Hilfe für Helene
29. Januar 2010
Gedanken und Schicksal
Diese Gedanken, die du beschreibst, liebe Yvonne (und auch Marion), mache ich mir unentwegt. Inwiefern können Gedanken und Ängste unser Schicksal beeinflussen? Haben wir nicht fest genug daran geglaubt, dass Helenchen gesund wird? Hätte ich noch stärker daran glauben müssen? Nein… ich hätte nicht mehr wünschen können als ich es tat. Die Angst sass unendlich tief und war immer präsent, aber ich habe fest daran geglaubt, dass sie es schafft. Immer und bis zum letzten Tag, auf den ich so völlig unvorbereitet war. Ich habe mir nicht im Entferntesten vorstellen können, es zu überleben, sollten wir sie verlieren. Und daher kam es einfach nicht infrage! Und doch ist es passiert.

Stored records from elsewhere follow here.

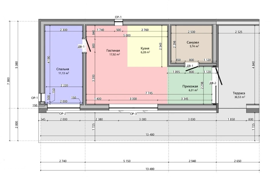 Закрытая терраса 2,525 х 5,4 = 13,64м2
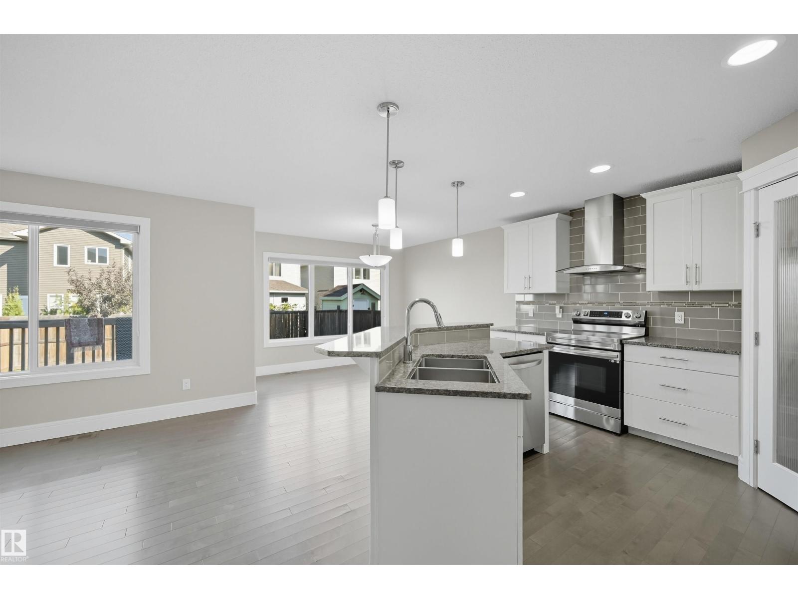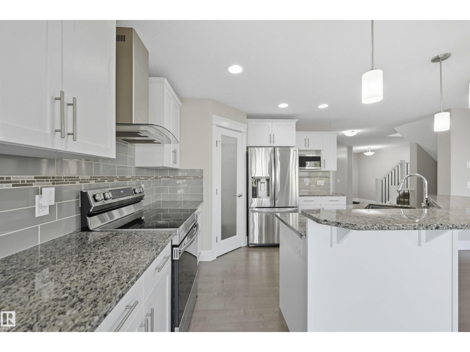 Thoughtfully designed with a flexible layout, ideal for single-family living or multi-generational lifestyles. Offering approx 2800sf of total living space on 3 levels. 3 living areas, 2 kitchens, 3 dining areas, 4 bedrooms & 4 bathrooms. Sunny South fronting, open layout features a cool toned neutral modern palette. Living room highlights a linear gas fireplace & views of private yard. Kitchen features white shaker profile cabinets, black granite, prep island & corner pantry. Spacious nook with direct access to deck. Upper level bonus room for family movie nights. Primary bedroom will house a king sized set & is complete with dual walk-in closets & 4pc ensuite. 2 additional bedrooms & 4pc bathroom for a growing family. Lower level offers an oversize recreation room which will accommodate most furniture arrangements. 2nd kitchen & 2nd dining area for inlaws, entertaining or extended guest stays. 4th bedroom & full bathroom complete this level. Steps to multiple parks/ponds & within catchment of 4 schools. (33692525)
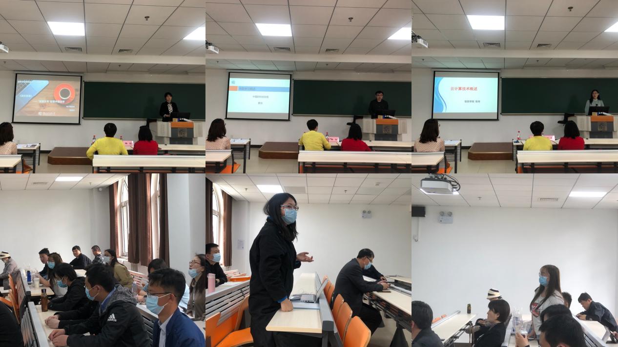 接下来,学院陈振娇、黄浩、张琦三位老师分别进行信息类专业课程思政示范讲解。陈振娇老师以《项目管理》课程为例,从《项目管理》思政元素、教学目标、教学实施过程、项目时间管理几方面进行讲解。陈老师以“一只口罩”的大事记和“一家医院”的大事记为例,引出疫情期间中国防控疫情的效率和速度,突出时间管理的重要性。同时,陈老师鼓励学生建立时间管理观念,计算时间参数来指导日常工作和学习,做一个守时和有规划的人。黄浩老师以《深度学习》课程为例,从深度学习简介、CPU/GPU/TPU、深度学习框架三方面进行示范讲解,引发学生对中国科技自信的思考。张琦老师以《云计算概述》课程为例,从云计算产生背景、云计算与大数据、云计算的发展、云计算的基本概念等方面进行示范讲解,在讲解过程中将国家对大数据和云计算的战略发展定位融入其中。三位老师在讲解过程中,与学生代表就授课内容和问题进行了互动。
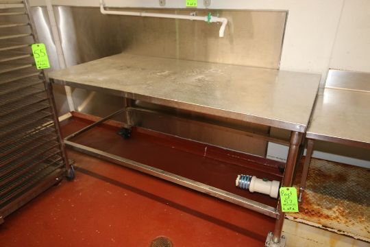 S/S Tables, Overall Dims.: Aprox. 48" L x 30" W x 33-1/2" H; Aprox. 72" L x 36" W x 36-1/2" H, Mounted on Wheels, & Aprox. 50" L x 28-1/2" W x 32-1/2" H (LOCATED IN GLOUCESTER, MA) (Rigging, Handling & Site Management Fee: $150.00)
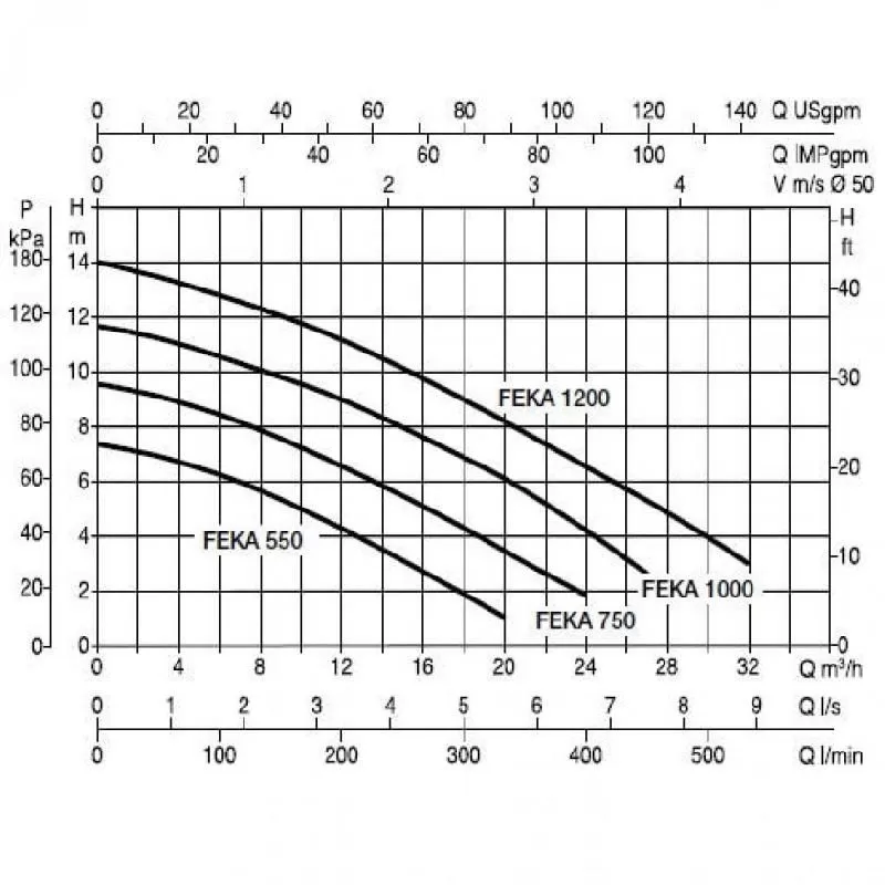 Графические характеристики фекального насоса DAB FEKA VS 1200 M-NA
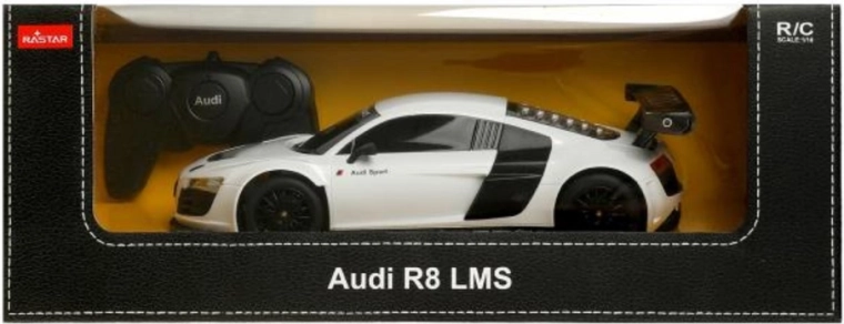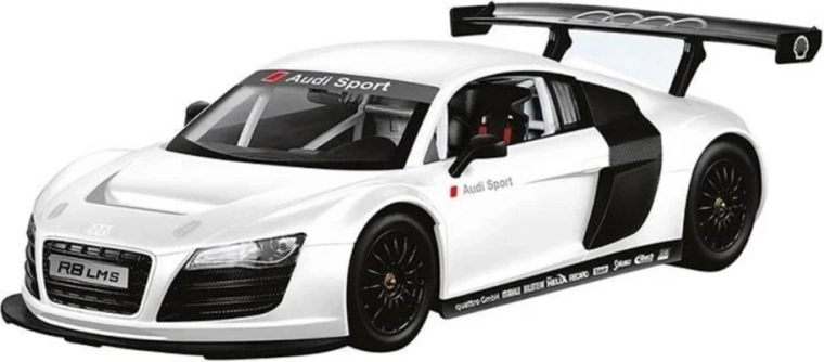 Voiture RC AUDI R8 LMS élégante à l’échelle 1:18 avec design réaliste, roues en caoutchouc pour une meilleure adhérence et contrôle précis avant/arrière/gauche/droite. Structure en plastique durable, alimentation par piles AA et dimensions compactes idéales pour s’amuser à la maison comme en extérieur. Excellent cadeau pour les fans de voitures de sport et les enfants dès 6 ans.
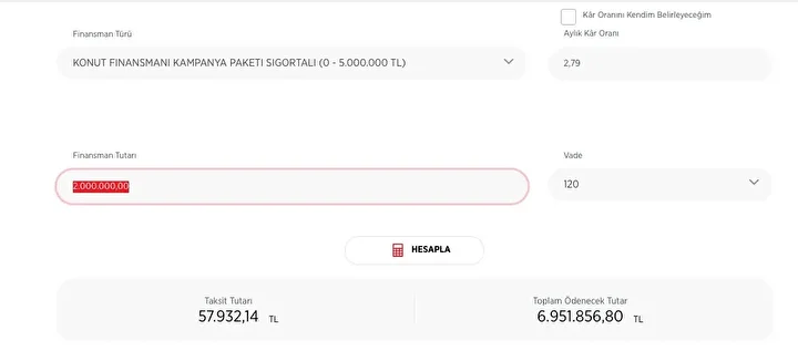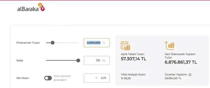Albaraka’nın 2,75’lik aylık kar oranı hesaplamasında konut finansman paketi, 2 milyon TL'lik kredi finansmanı ve 120 ay vadeli seçeneğinde aylık taksit tutarı 57 bin 307 TL olarak sağlanıyor. Toplam geri ödeme tutarı ise 6 milyon 876.861 TL.
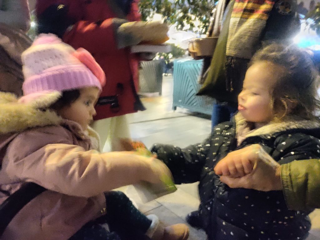 Less than two years old, Sangita started distributing books when she was barely a year old, imitating the elders while on her pram during sankirtana. During the past Christmas marathon she sold a book to a Chinese kid, and the kid’s mom gladly gave a donation.
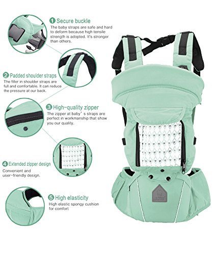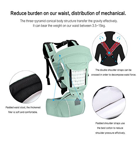 Comfortable carrying Additional shoulder pads and support waist belts evenly distribute the child's weight. The adjustable strap creates a comfortable fit for all types of parents.
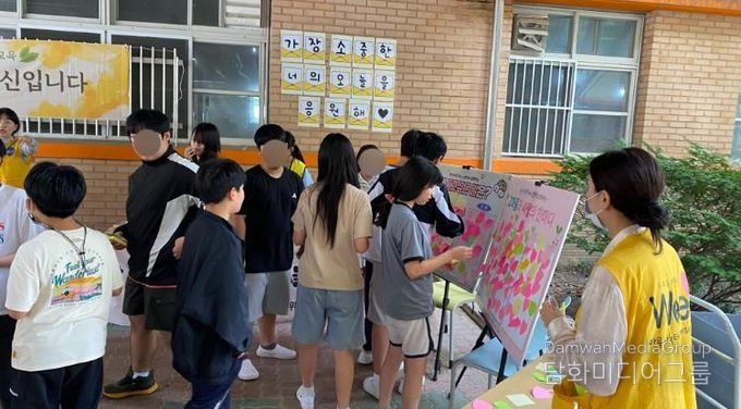 또래상담을 담당하고 있는 학생들은 생명존중 캠페인 운영에도 함께 참여하며 적극적인 공감과 소통의 자세를 실천했다.
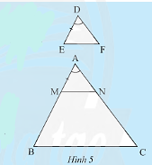 Cho tam giác \(DEF\) và tam giác \(ABC\) có \(DE = \frac{1}{3}AB,DF = \frac{1}{3}AC,\widehat D = \widehat A\) (Hình 5). Trên tia \(AB\), lấy điểm \(M\) sao cho \(AM = DE\). Qua \(M\) kẻ \(MN//BC\left( {N \in AC} \right)\).
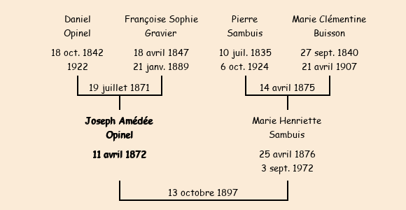 Epoux : Joseph Amédée Opinel (25 ans, né le 11 avril1872 à Albiez le Vieux hameau de Gévoudaz, domicilié à Albiez le Vieux hameau de Gévoudaz, coutelier, a signé), fils de Daniel (coutelier né et domicilié à Albiez le Vieux, a signé) et de Françoise Gravier (décédée le 21 janvier 1889) |
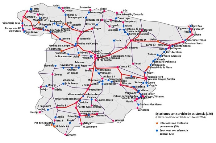 Все поезда идут через Мадрид, в Мадриде удобная технически (но боже, как же хуево там с указателями!) пересадка с вокзала на вокзал и с поезда на поезд.

All diese Bücher über Wunschbestellungen ans Universum, und wie sie alle heissen - was ist denn bloss dran an diesen Theorien? Ja, vermutlich fällt, wer ängstlich und unsicher über die zugefrorene Alster läuft, eher hin. Und wer mit stolz erfüllter Brust von sich und seinen Zukunftsvisionen überzeugt ist, erreicht seinen einen Traum wahrscheinlich auch eher, als derjenige, welcher vor lauter Ideen gar nicht genau weiss wohin er eigentlich will und wer er eigentlich ist.
Doch ob Wünsche und Ängste schwere Krankheiten beeinflussen? Ob wir uns wirklich unsere "eigene Realität" schaffen? So einfach ist das dann wohl auch nicht. Dazu ist die Welt zu komplex….
… das denke ich mir und frage mich dann doch wieder: Was habe ich in der Schwangerschaft falsches gedacht oder gemacht?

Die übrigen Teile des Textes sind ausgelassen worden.